## What to produce
Look through the listing below for the line with "而水产类的采购分布非常广,由" and the line with "Plakatas Vandens telkinys". Copy both, along with every line between them, exactly and with no pictures.

## Data under study
·····

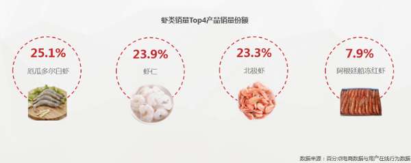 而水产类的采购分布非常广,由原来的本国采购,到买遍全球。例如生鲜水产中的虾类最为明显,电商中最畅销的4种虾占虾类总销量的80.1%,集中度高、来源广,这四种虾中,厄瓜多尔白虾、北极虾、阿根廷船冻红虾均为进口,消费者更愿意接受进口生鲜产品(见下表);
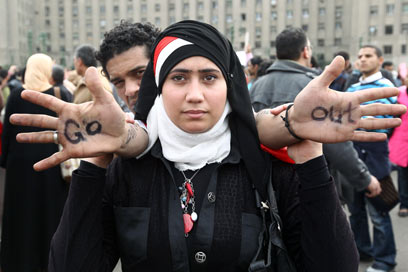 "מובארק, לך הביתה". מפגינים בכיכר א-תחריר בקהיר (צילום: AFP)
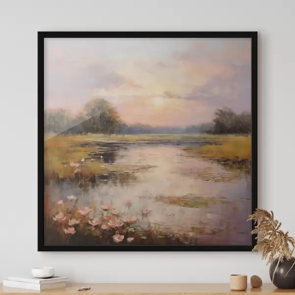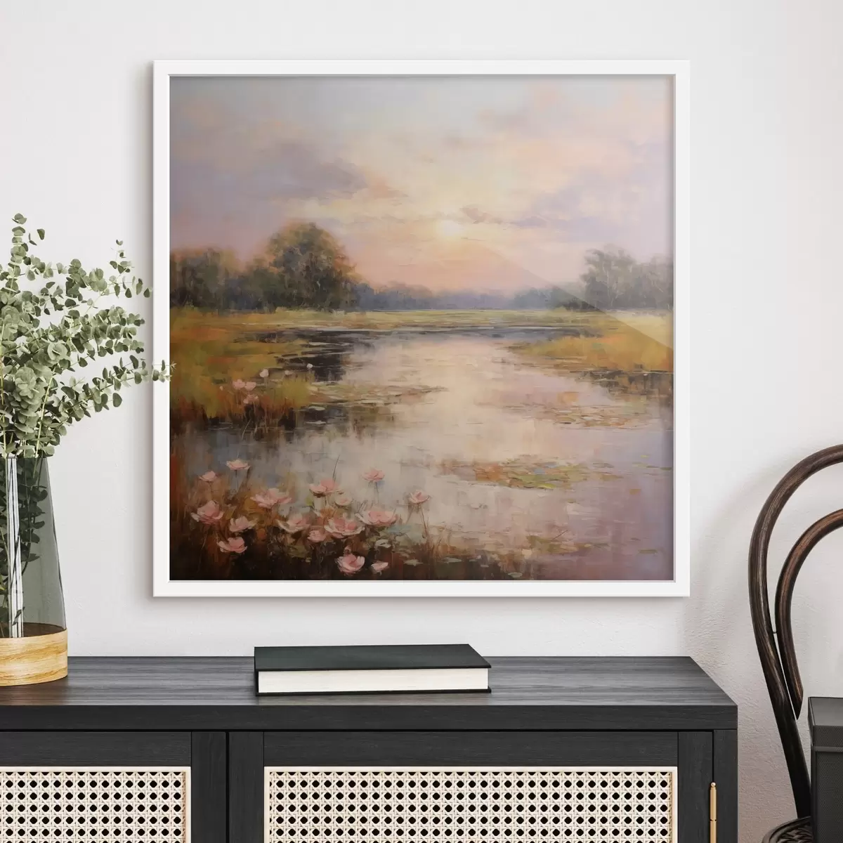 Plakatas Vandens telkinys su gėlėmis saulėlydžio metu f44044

·····

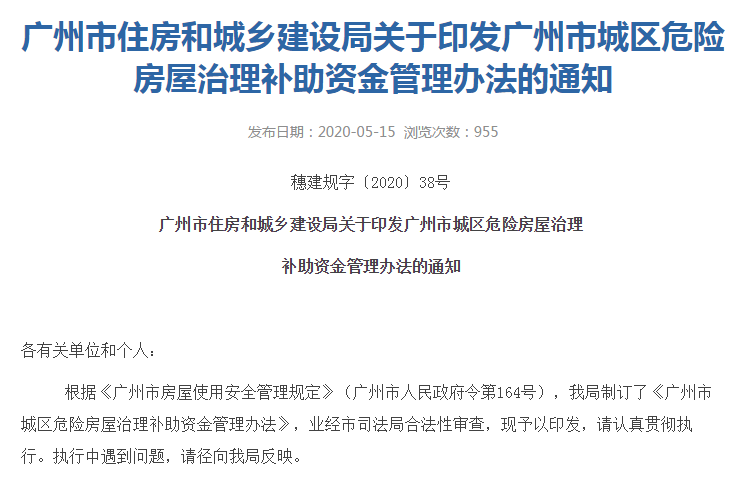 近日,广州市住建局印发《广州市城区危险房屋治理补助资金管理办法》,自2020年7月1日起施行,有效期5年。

·····

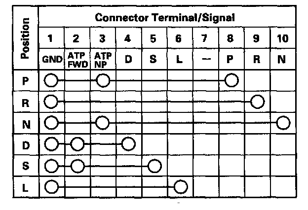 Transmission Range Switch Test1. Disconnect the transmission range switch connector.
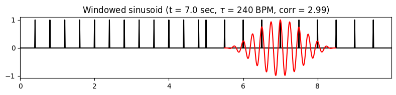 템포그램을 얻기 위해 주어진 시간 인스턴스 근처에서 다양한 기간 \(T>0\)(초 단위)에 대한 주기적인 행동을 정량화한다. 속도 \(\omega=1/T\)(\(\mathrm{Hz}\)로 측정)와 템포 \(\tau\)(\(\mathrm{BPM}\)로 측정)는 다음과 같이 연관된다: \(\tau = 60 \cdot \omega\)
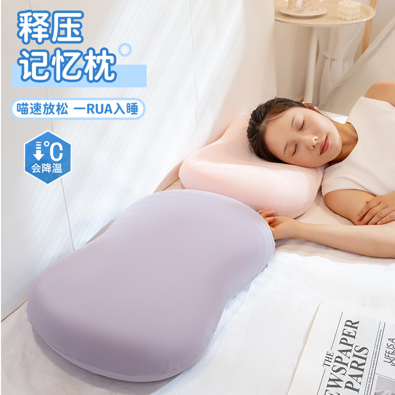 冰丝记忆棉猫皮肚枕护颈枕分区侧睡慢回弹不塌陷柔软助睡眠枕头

·····

## Answer to this task
 而水产类的采购分布非常广,由原来的本国采购,到买遍全球。例如生鲜水产中的虾类最为明显,电商中最畅销的4种虾占虾类总销量的80.1%,集中度高、来源广,这四种虾中,厄瓜多尔白虾、北极虾、阿根廷船冻红虾均为进口,消费者更愿意接受进口生鲜产品(见下表);
 "מובארק, לך הביתה". מפגינים בכיכר א-תחריר בקהיר (צילום: AFP)
 Plakatas Vandens telkinys su gėlėmis saulėlydžio metu f44044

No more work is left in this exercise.